*** Recorded information Section Begins ***

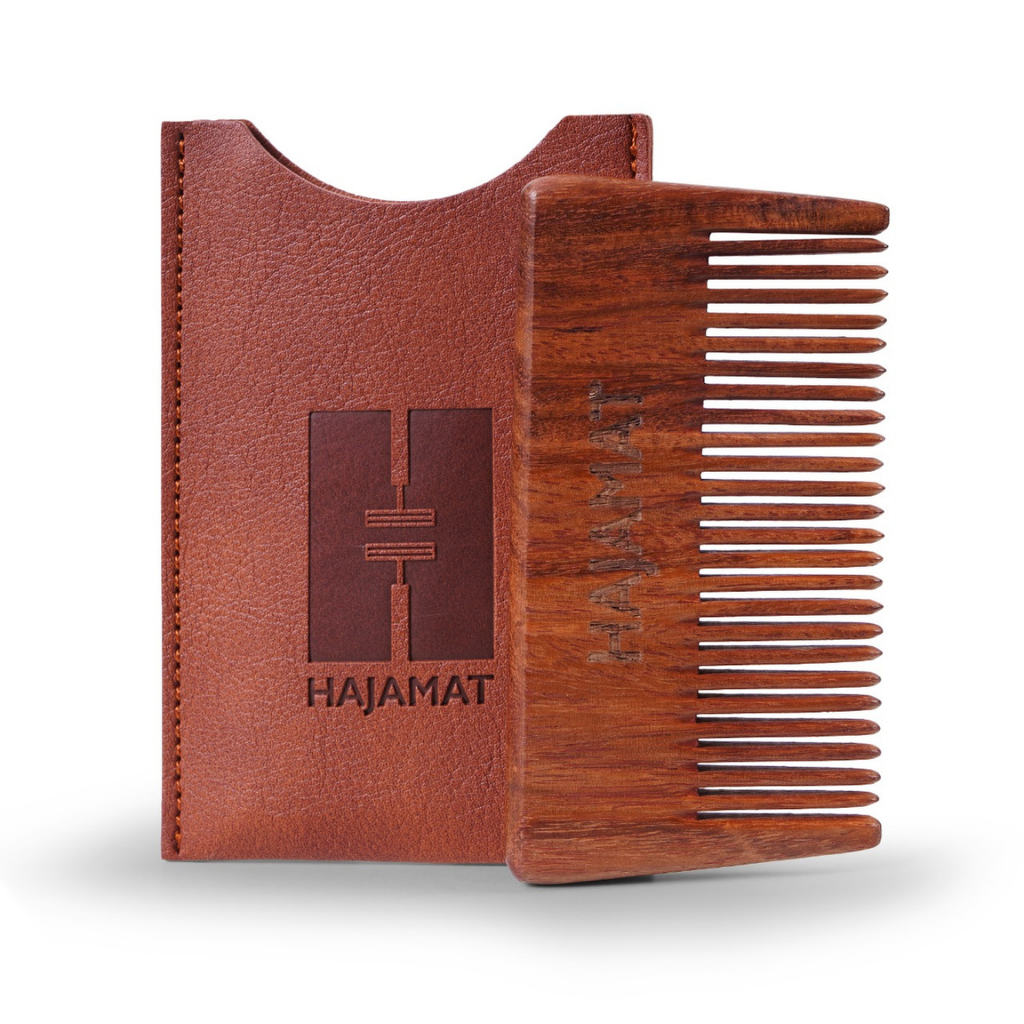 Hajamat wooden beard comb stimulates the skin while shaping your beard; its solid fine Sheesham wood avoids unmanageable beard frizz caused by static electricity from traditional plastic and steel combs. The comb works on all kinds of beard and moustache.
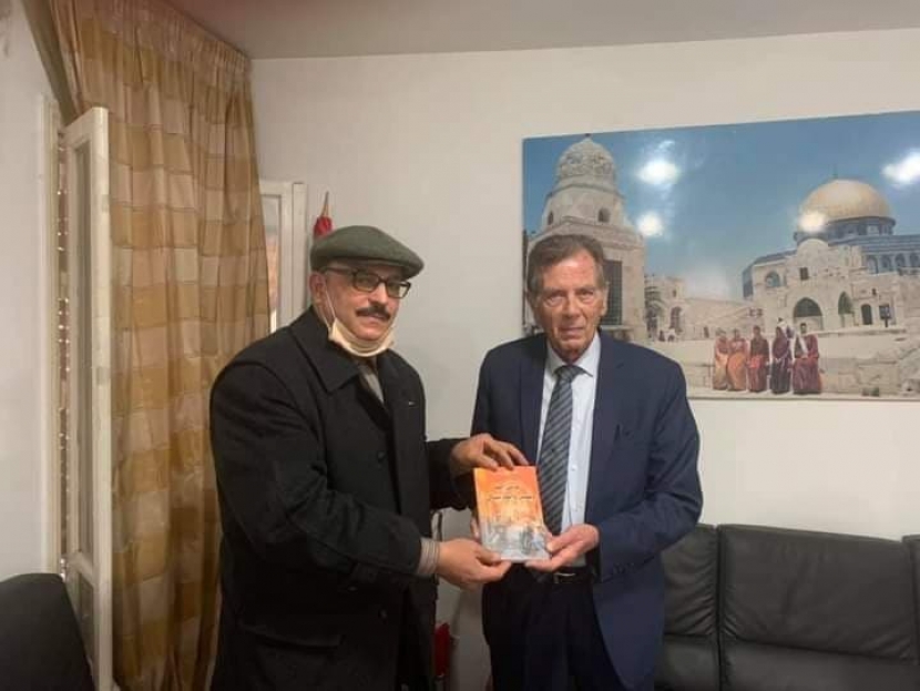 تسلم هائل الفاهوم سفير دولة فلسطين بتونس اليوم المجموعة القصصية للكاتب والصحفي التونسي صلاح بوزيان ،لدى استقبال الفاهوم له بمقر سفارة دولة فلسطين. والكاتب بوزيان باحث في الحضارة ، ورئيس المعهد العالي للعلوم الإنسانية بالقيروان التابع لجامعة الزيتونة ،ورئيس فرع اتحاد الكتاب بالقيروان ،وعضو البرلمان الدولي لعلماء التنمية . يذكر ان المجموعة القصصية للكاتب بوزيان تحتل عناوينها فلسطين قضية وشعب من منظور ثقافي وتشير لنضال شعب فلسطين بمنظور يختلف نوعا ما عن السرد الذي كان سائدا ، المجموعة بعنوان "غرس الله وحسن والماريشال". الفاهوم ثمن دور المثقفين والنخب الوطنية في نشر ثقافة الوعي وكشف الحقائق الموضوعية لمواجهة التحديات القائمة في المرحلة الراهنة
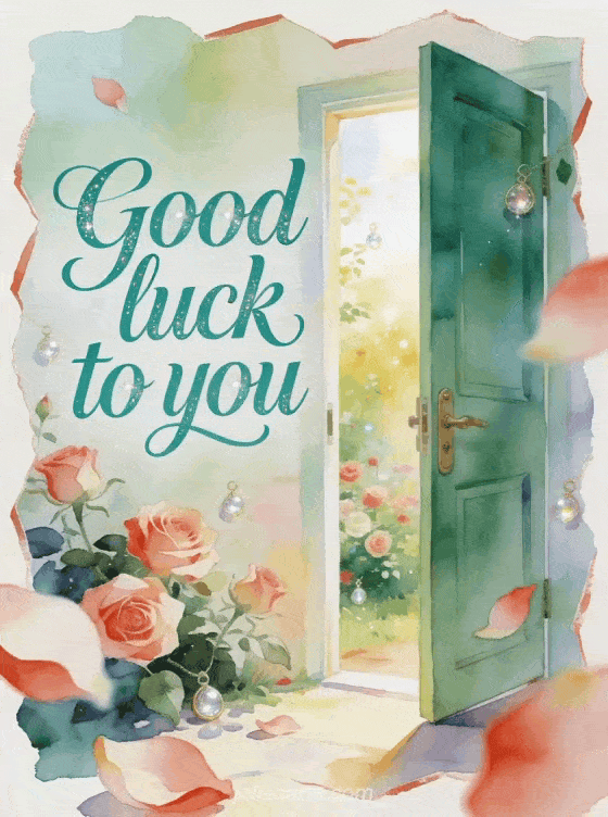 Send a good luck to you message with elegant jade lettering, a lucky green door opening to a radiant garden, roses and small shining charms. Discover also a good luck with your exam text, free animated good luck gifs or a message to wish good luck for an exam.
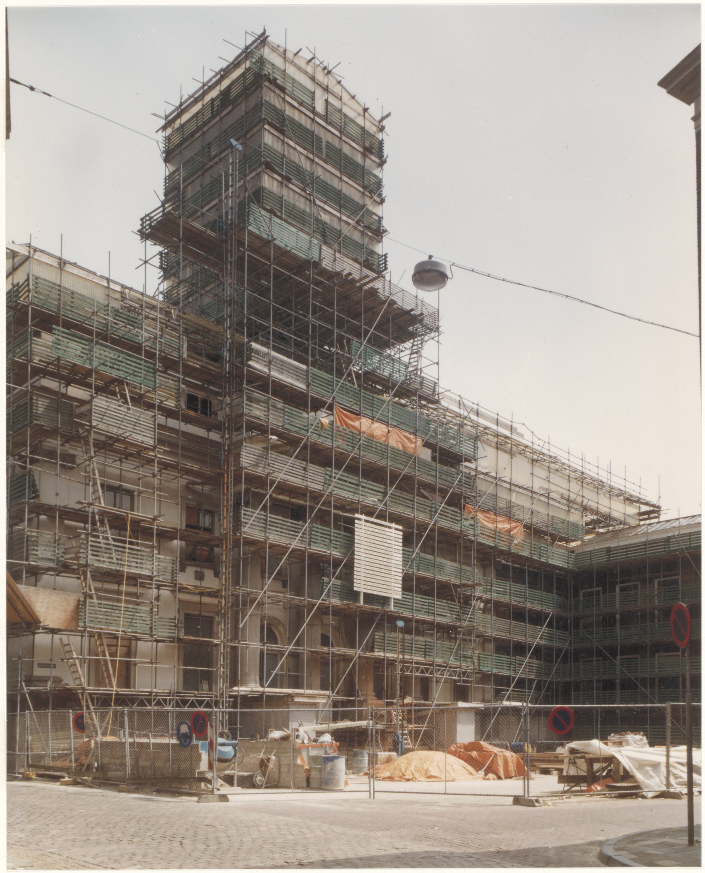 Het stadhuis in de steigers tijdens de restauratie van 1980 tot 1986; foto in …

*** Recorded information Section Ends ***

### Task details
Copy the lines above exactly. Do not include pictures.

### Finished task
 Hajamat wooden beard comb stimulates the skin while shaping your beard; its solid fine Sheesham wood avoids unmanageable beard frizz caused by static electricity from traditional plastic and steel combs. The comb works on all kinds of beard and moustache.
 تسلم هائل الفاهوم سفير دولة فلسطين بتونس اليوم المجموعة القصصية للكاتب والصحفي التونسي صلاح بوزيان ،لدى استقبال الفاهوم له بمقر سفارة دولة فلسطين. والكاتب بوزيان باحث في الحضارة ، ورئيس المعهد العالي للعلوم الإنسانية بالقيروان التابع لجامعة الزيتونة ،ورئيس فرع اتحاد الكتاب بالقيروان ،وعضو البرلمان الدولي لعلماء التنمية . يذكر ان المجموعة القصصية للكاتب بوزيان تحتل عناوينها فلسطين قضية وشعب من منظور ثقافي وتشير لنضال شعب فلسطين بمنظور يختلف نوعا ما عن السرد الذي كان سائدا ، المجموعة بعنوان "غرس الله وحسن والماريشال". الفاهوم ثمن دور المثقفين والنخب الوطنية في نشر ثقافة الوعي وكشف الحقائق الموضوعية لمواجهة التحديات القائمة في المرحلة الراهنة
 Send a good luck to you message with elegant jade lettering, a lucky green door opening to a radiant garden, roses and small shining charms. Discover also a good luck with your exam text, free animated good luck gifs or a message to wish good luck for an exam.
 Het stadhuis in de steigers tijdens de restauratie van 1980 tot 1986; foto in …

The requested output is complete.